La sceneggiatura di Pârvu è intelligentemente costruita per smascherare, pian piano, scena dopo scena, le ipocrisie e le contraddizioni di un villaggio isolato nel Delta del Danubio. Nonostante la sua vicinanza geografica al cuore della Romania e all’Europa, questo luogo appare lontanissimo per mentalità e apertura. Il regista, tuttavia, riesce a rendere la narrazione universale, offrendo una critica che parla all’intera società rumena e abbraccia ogni istituzione: la famiglia, la chiesa, la giustizia. Nulla e nessuno si salva dall’ignoranza, dalla corruzione e dalle dinamiche di repressione e negazione che permeano la cultura del paese. Nessuno tranne la vittima dell’aggressione, la cui versione però non ascolteremo mai.
Oltre l’orizzonte
La regia di Three Kilometers to the End of the World si integra perfettamente nello stile distintivo del cinema rumeno contemporaneo: con la sua predilezione per la camera fissa, i lunghi piani sequenza e la ricerca della naturalezza. Questo approccio mette in luce in modo incisivo l’ignoranza e la paura che permeano tutti i personaggi, espandendo continuamente il loro impatto sulla narrazione.
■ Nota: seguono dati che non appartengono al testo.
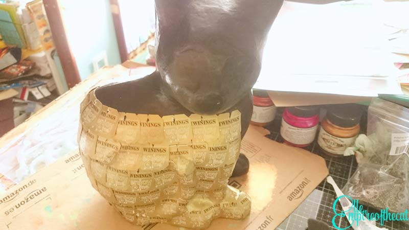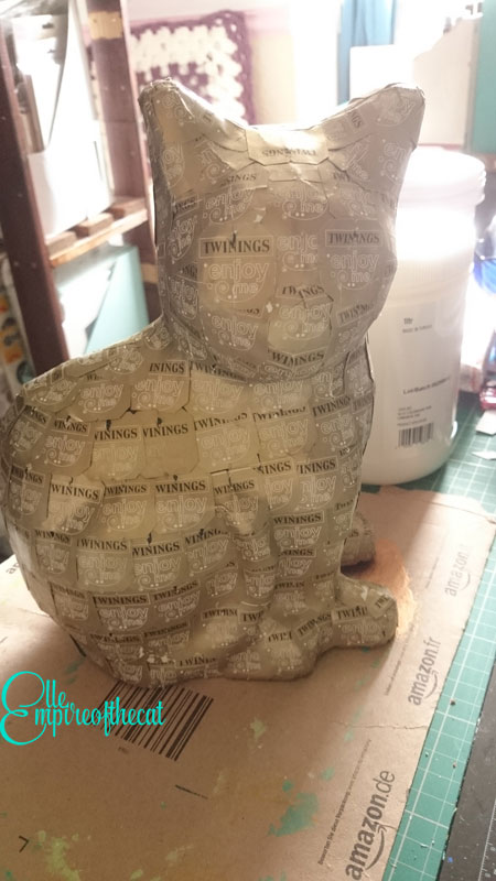 So in order to protect my papier mache cat from the tiny teeth of marauding kitties, I covered it in black gesso. She was less impressed with the favour of that! It was then time to start the decoupage with the teabag tags.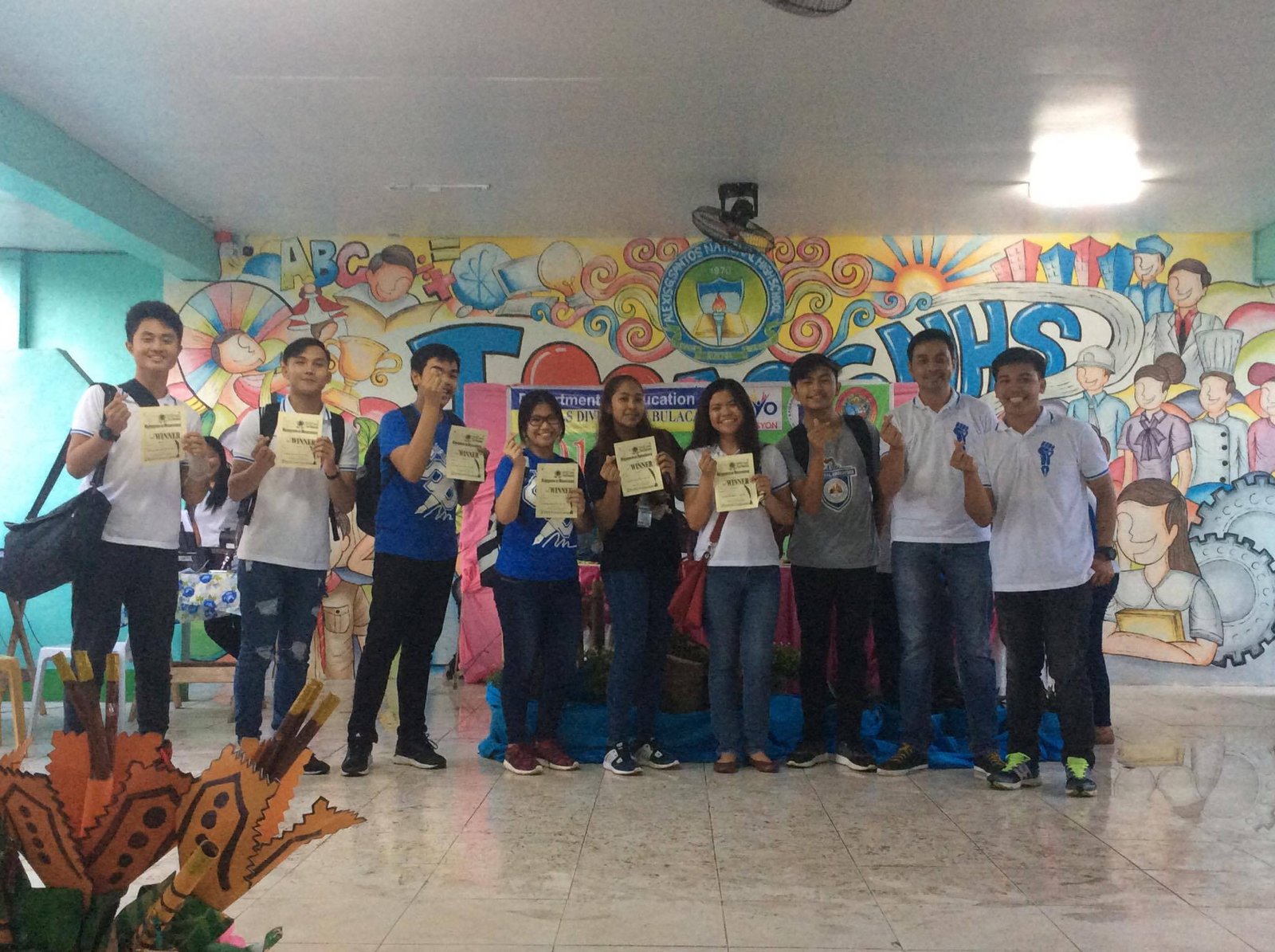 Meanwhile, the 2nd Group for English team ranked 3rd are composed of Jennie Villanueva, Chryster Palacay, Kate Simbulan, Larina Dela Pena, Daniel Kabamalan, Third Guzman, and Ynigo Sagum and for the Filipino category are Joanne Villanueva, Federic Mariano, Joshua Navarro, Ella Mangulabnan, Kristian Asesor, Julianna Peru, and JR Mariano.

La fotografia del film, magistralmente curata da Silviu Stavilă, cattura la bellezza e l’isolamento del Delta del Danubio, creando un contrasto potente con gli eventi narrati e i personaggi che li abitano. Le ampie vedute del paesaggio naturale, con i loro cieli tersi e gli orizzonti aperti, amplificano ulteriormente la chiusura mentale e l’oscurità morale della comunità. Ma è nelle interpretazioni degli attori, tutte straordinarie – in particolare il giovane Chiujdea, che offre una performance silenziosa ma potente, e Dumitrache, che incarna un padre consumato dalla vergogna e dalla rabbia – che il film raggiunge la sua piena realizzazione.
Three Kilometers to the End of the World emerge come un film solido in ogni aspetto, evidenziando una notevole abilità nel narrare storie complesse e profondamente umane. Sebbene possa, e debba, essere considerato derivativo (e quindi anche meno rilevante) rispetto alle precedenti opere di Mungiu o Puiu e altri grandi registi che proprio a Cannes hanno reso grande il cinema rumeno, il film brilla per la sua coerenza e la sua forza narrativa, lasciando lo spettatore immerso in un turbine di emozioni e riflessioni durature.
La recensione in breve
Pur partendo dalle vicende di un piccolo villaggio, Emanuel Pârvu riesce a raccontare una storia universale, offrendo una critica incisiva alla società rumena contemporanea. Il film è ben scritto, ben recitato e ben diretto: perfetto esempio di come, pur lontano dai fasti del passato, il cinema rumeno contemporaneo possa ancora offrire tanto.
Pro
- Una regia asciutta che valorizza al meglio l'ottima scrittura e le notevoli interpretazioni di tutto il cast.
- Lo stile tipico del cinema rumeno, che sprizza naturalezza e appassiona e coinvolge fin dalle prime scene.
- La scelta di non raccontare il punto di vista della vittima.
Contro
- Il film paga il suo essere derivativo e fin troppo debitore al cinema di MUngiu, Puiu e gli altri grandi registi della new wave rumena.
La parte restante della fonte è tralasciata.